Nicole Gelinas: Right, well Long Island City, first of all it’s not on Long Island. This is part of Queens, which is part of the five boroughs of New York City. The good thing about Long Island City from a company perspective is, it is a transit hub of sorts where eight subway lines converge in the area; they have the Long Island Railroad. So when you’re situating a place for housing, it doesn’t have to be a hub because people who live in the house, they go from their one subway line to a hub, which is where they work. But in situating an office building, people have to come from all over, so you need more than one subway station and hopefully more than a few subway stations. And so that’s the case in Long Island City, just as it’s been the case in Downtown Brooklyn, which has been pretty successful, too, over the past 30 years. Now before Amazon made its decision, it was mixed success in getting Long Island to be a hub for office jobs. City Group has a big tower there, although it did not work out the way the city would have liked in terms of people wanting to leave Manhattan and wanting to go work for City Group in Queens. And it has become a hub for housing. They’ve had more apartment buildings built there than anywhere else in the city over the past decade, you know 41 apartment buildings just in the past few years. And so that has created a strain on the transit system anyway. I mean you’ve gone from 23 million annual subway riders to closer to 33 million just in the past 20 years. And so these subway stations, they can’t even handle today’s level of traffic, let alone handling more people. Again, that’s not a bad thing. It’s just that rather than give away tax dollars to a company that needs to be in a dense city anyway, the city and state should be using these tax dollars to improve the subway system, and even long term, even bringing New Jersey Transit trains out there so they really are a bigger hub.

Howard Husock: You would think that Amazon would actually want the transit connections to be better, wouldn’t you?

Nicole Gelinas: Yeah and maybe they do. It would be smart of them to take what they can get in tax breaks and then once they’re here, start to lobby and be part of the community advocating for better transit.

Howard Husock: What are the specifics—Governor Cuomo is in charge of the subway system, too, through Metropolitan Transit Authority. What are some of the specifics of what need to be done to make the subway system work in a way that can accommodate 25,000 new jobs for Amazon and lots of other thousands of new jobs?
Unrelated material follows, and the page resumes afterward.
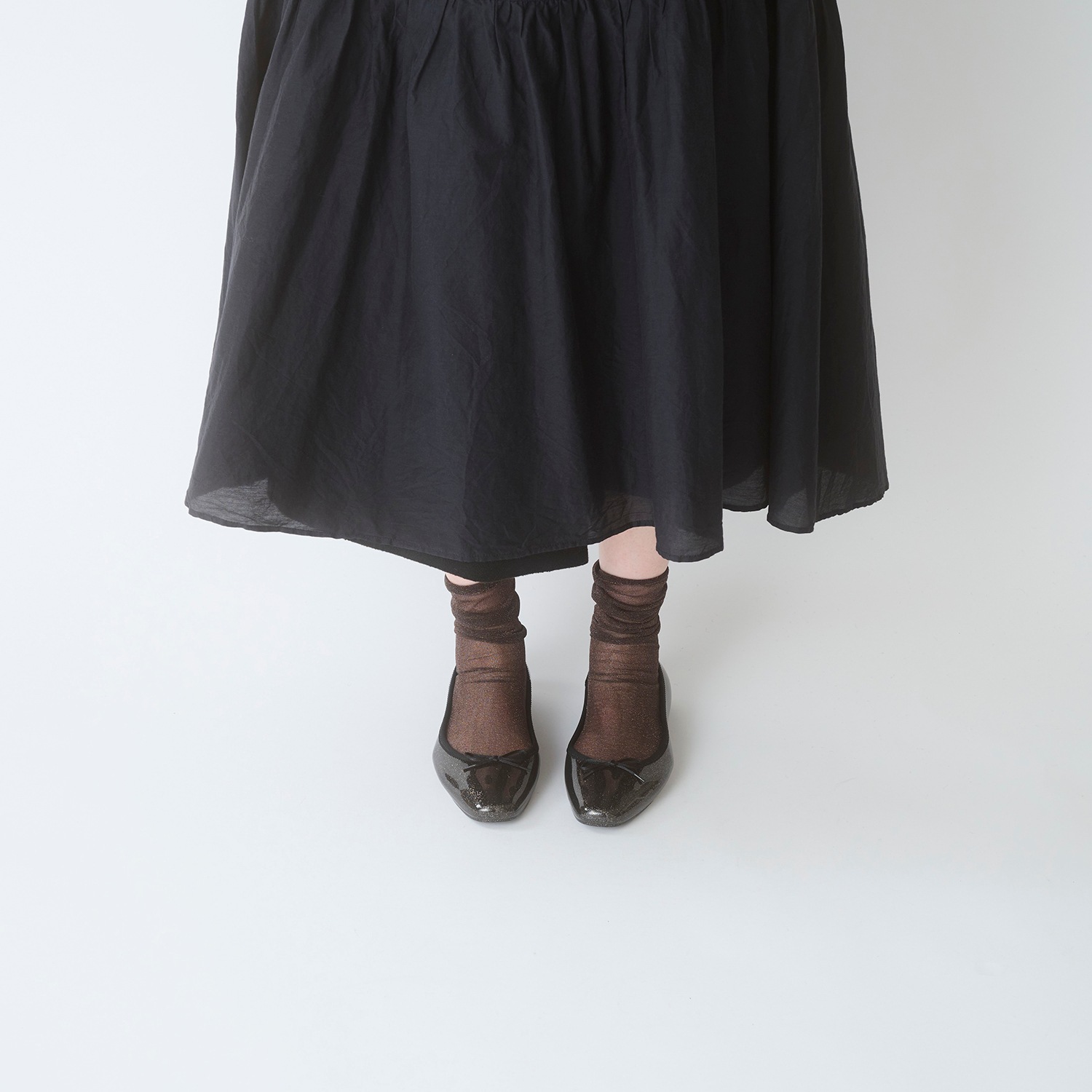 1足は持っていたいベーシックなバレエシューズ。優しくカーブしたスクエアトウは、履き心地と使い回しの良さでリピート買いも多数。TEMPERATEの定番モデルです。

Nicole Gelinas: Well more capacity, just running more trains per hour. And the good news is, the number 7 train, which goes through Long Island City, the MTA is very close to having a modern signal system on the number 7 train. They’ll actually be done with this, so they say, this month, after a ten-year process almost. That’s only the second subway line to have modern signals.

Howard Husock: Modern signals means you can run more trains faster.

Nicole Gelinas: Yes, they’re digital signals rather than mechanical signals. And so what do we need to do? Doing more of that, continue to modernize the subway signal systems. And also we shouldn’t forget aboveground improvements—that part of what we should be doing is easing the capacity constraints on the subway by taking people off of the subway. It’s good that Mayor de Blasio has launched—literally launched, in this case—a system of ferries, because the ferries come from Long Island City, other parts of Queens and Brooklyn, into Manhattan, and the reverse obviously for people who might live in Manhattan and work in Queens—those can take some of the burden off the subway system. And also, more bus lanes, the street car trolley project that the city is still considering for the Queens and Brooklyn waterfront. Just moving more people through these dense, finite spaces in any way we can is helped to adding jobs no matter who is creating these jobs.

Howard Husock: Well one thing Amazon did not have to create in Long Island City is parking, which it would have had to create in a lot of these other places, right?

Nicole Gelinas: Yeah that’s true. It would be very strange if most Amazon employees drove to work. However, there are issues with Uber, Lyft, in that we sometimes talk about the sharing economy and the non-ownership economy. But if traffic is not managed right, it doesn’t matter if you own your own car or you hire a car. You’re still creating traffic. And again, that’s on the state and the city to manage these issues rather than get to the crisis situation that they’ve already gotten to, even without these jobs from Amazon.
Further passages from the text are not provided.